Mutterschaftsurlaub bei Mehrlingsschwangerschaften verlängern
Abstimmungsfrage
Soll der Mutterschafts-Urlaub bei Mehrlingsschwangerschaften verlängert werden?
In den letzten Jahren sind Mehrlingsschwangerschaften deutlich häufiger geworden; in den vergangenen drei Jahrzehnten hat sich ihre Anzahl sogar verdoppelt. Das internationale Übereinkommen zum Mutterschutz, das die Schweiz 2014 ratifiziert hat, empfiehlt bei Mehrlingsgeburten eine längere Schutzfrist. Die Schweiz hält bislang jedoch nur den minimalen Mutterschaftsurlaub ein und hat die zusätzlichen Empfehlungen nicht übernommen.
Diesen Nachteil für Frauen mit Mehrlingsschwangerschaften soll beseitigt werden. Der heutige gesetzliche Anspruch umfasst nur 14 Wochen Mutterschaftsurlaub, obwohl Mehrlingsschwangerschaften und -geburten oft komplizierter verlaufen und die erste Zeit zu Hause deutlich arbeitsintensiver ist. Da die Betreuung von Neugeborenen eine gemeinsame Aufgabe der Eltern ist, liegt es nahe, auch den Vaterschaftsurlaub für solche Fälle zu verlängern.
Der Bundesrat anerkennt, dass Mehrlingsschwangerschaften meist belastender und risikoreicher sind und häufiger Frühgeburten mit längeren Spitalaufenthalten mit sich bringen. Solche Situationen seien aber bereits durch die Versicherung abgedeckt. Deshalb hält der Bundesrat eine spezifische Verlängerung des Mutterschafts- und Vaterschaftsurlaubs bei Mehrlingsgeburten nicht für notwendig. Er befürchtet ausserdem eine mögliche ungerechtfertigte Ungleichbehandlung gegenüber anderen belastenden Fällen in den ersten Monaten nach der Geburt, zum Beispiel bei Kindern mit schweren Geburtsgebrechen. Zudem weist er darauf hin, dass in den letzten Jahren bereits neue Leistungen eingeführt wurden, etwa seit 2021 die Vaterschaftsentschädigung sowie Betreuungs- und Adoptionsentschädigungen.

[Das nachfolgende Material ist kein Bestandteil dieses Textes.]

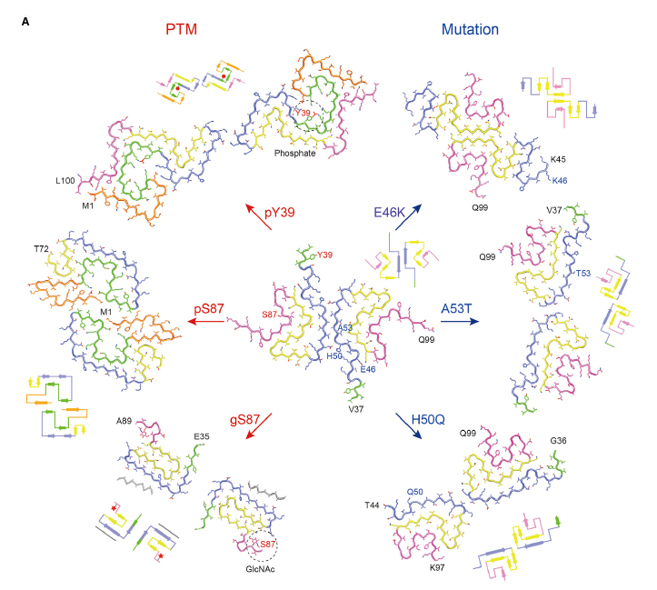 接下来,作者详细地阐明了三大类核心元素——翻译后修饰、与疾病关联的突变以及与纤维相互作用的分子,是如何调控淀粉样纤维的结构多态性,以及其相对应的基础结构。(1)翻译后修饰:通过影响淀粉样蛋白的2D折叠和替代序列采样,显著地影响淀粉样纤维的结构多态性(图2),进而影响它们的纤维毒性。(2)单点疾病相关突变:可以加速聚集过程,加剧神经病理学,加速动物模型中的疾病发病,并产生完全独特的纤维结构。(3)外源性生物分子:如RNA、脂质和纤维结合蛋白也可以通过分子间相互作用使淀粉样纤维核心区域发生结构转变,触发不同多态体的形成。

Diese Abstimmung basiert auf der Motion 23.3964 (parlament.ch) und wurde mit Hilfe künstlicher Intelligenz umformuliert.
Pro-Argumente
- Mehrlingsschwangerschaften führen oft zu Komplikationen, insbesondere im Zusammenhang mit der fast immer vorzeitigen Geburt.
- Eine Mehrlingsschwangerschaft bedeutet nach der Geburt auch mehr Betreuungsarbeit für die Eltern.
Kontra-Argumente
- Seit 2021 wird der Mutterschaftsurlaub bei einer Hospitalisierung des Neugeborenen um bis zu acht zusätzlichen Wochen verlängert.
- Es gibt schon diverse zusätzliche Leistungen im Bereich der Kinderbetreuung nach der Geburt, weshalb keine Sonderbehandlung für Mehrlingsschwangerschaften eingeführt werden soll.
Abstimmungsfrage: Soll der Mutterschafts-Urlaub bei Mehrlingsschwangerschaften verlängert werden?
Argumente
Pro
-
Ja, sowohl der Mutterschafts- als auch der Vaterschafts-Urlaub soll bei Mehrlingsschwangerschaften verlängert werden.
-
Ja, der Mutterschafts-Urlaub soll bei Mehrlingsschwangerschaften verlängert werden.